How about using proxies in RDS?
RDS does offer a managed database proxy that can potentially reduce failover times by automatically connecting your application clients to a standby database, but there are some limitations. Firstly, as of July 2022, the RDS proxy does not support the newer versions of MariaDB (10.6 or newer minor versions). https://aws.amazon.com/about-aws/whats-new/2022/07/amazon-rds-proxy-mariadb-version-10-support/
Secondly, the RDS proxy lacks intelligent read-write splitting/routing, transaction replays, and other features that are available with MaxScale in SkySQL.
In addition, setting up RDS proxies requires careful planning of VPC subnets and IP capacity, which can add to the complexity of your deployment(https://docs.aws.amazon.com/AmazonRDS/latest/UserGuide/rds-proxy-setup.html). Finally, while RDS proxies are available in multiple availability zones, it is not clear how they maintain consistent state across zones to ensure consistent failover or failback.
In contrast, SkySQL permits redundant MaxScale to operate across zones and uses its own replication to ensure correctness in the presence of proxy-level failures. Additionally, MaxScale in SkySQL has more advanced features such as automatic transaction replay and load balancing, which can help reduce the likelihood of primary failures in the first place.
Why does all of this matter? The differences in the architectures of SkySQL vs RDS lead to a difference in the monthly uptime SLA.

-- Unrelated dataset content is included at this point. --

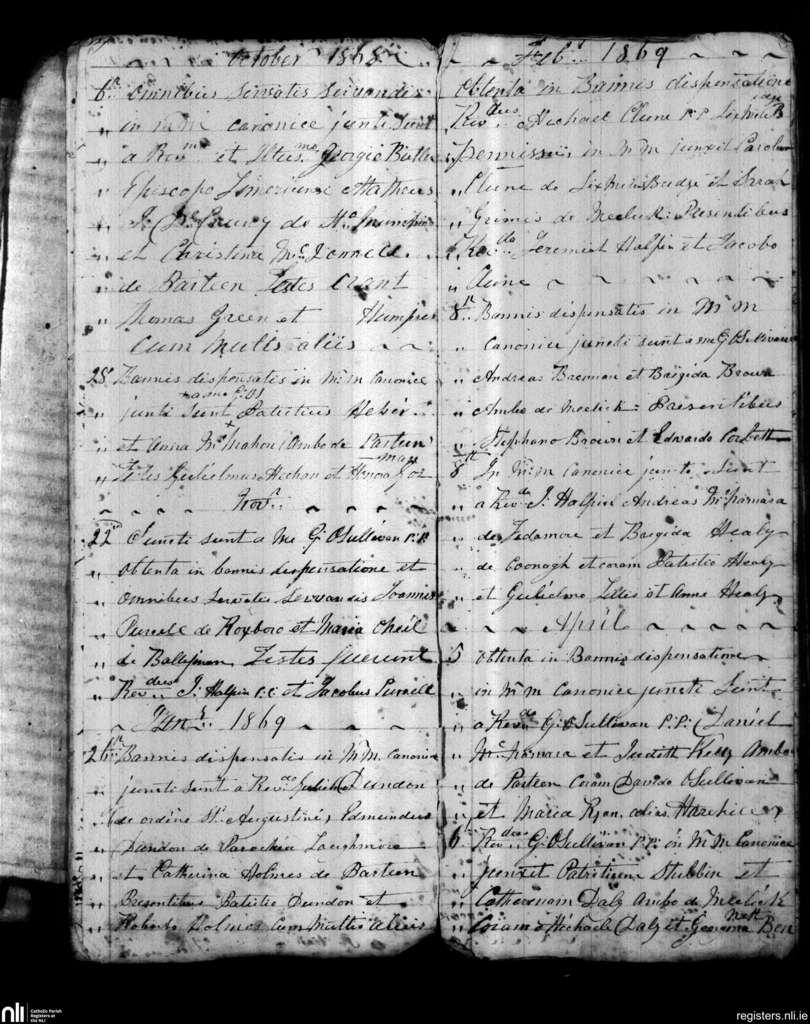 Parteen, Limerick city; County of Clare, Limerick; Diocese of Limerick. Marriages, Oct. 1868 to Apr. 1869

- MariaDB SkySQL foundation tier guarantees an SLA of at least 99.95% or a monthly downtime of 21m, 44s
- MariaDB SkySQL power tier guarantees an SLA of 99.995% or a monthly downtime of 2m, 10sÂ
- AWS RDS guarantees an SLA between 99% or a monthly downtime of 43m, 28s and 99.95%
The difference in unplanned downtime between a couple of minutes and three-quarters of an hour may not seem significant, particularly for dev/test environments or ad hoc projects but for your mission-critical application, the difference could lead to loss of revenues in the tens to hundreds of thousands of dollars for SMBs to far more for larger enterprises. For example, Black Friday and Cyber Monday are peak transactional periods for retail operations, corresponding to far higher loads on DBaaS operations at a point in annual revenue cycles that will make or break overall profitability. Similar analogies can be found for enrollment periods, from student enrollment to annual Medicare and other seasonal campaigns and operations or unexpected surges in demand. In all these cases, resiliency is always a function of maintaining expected price performance for HA at scale.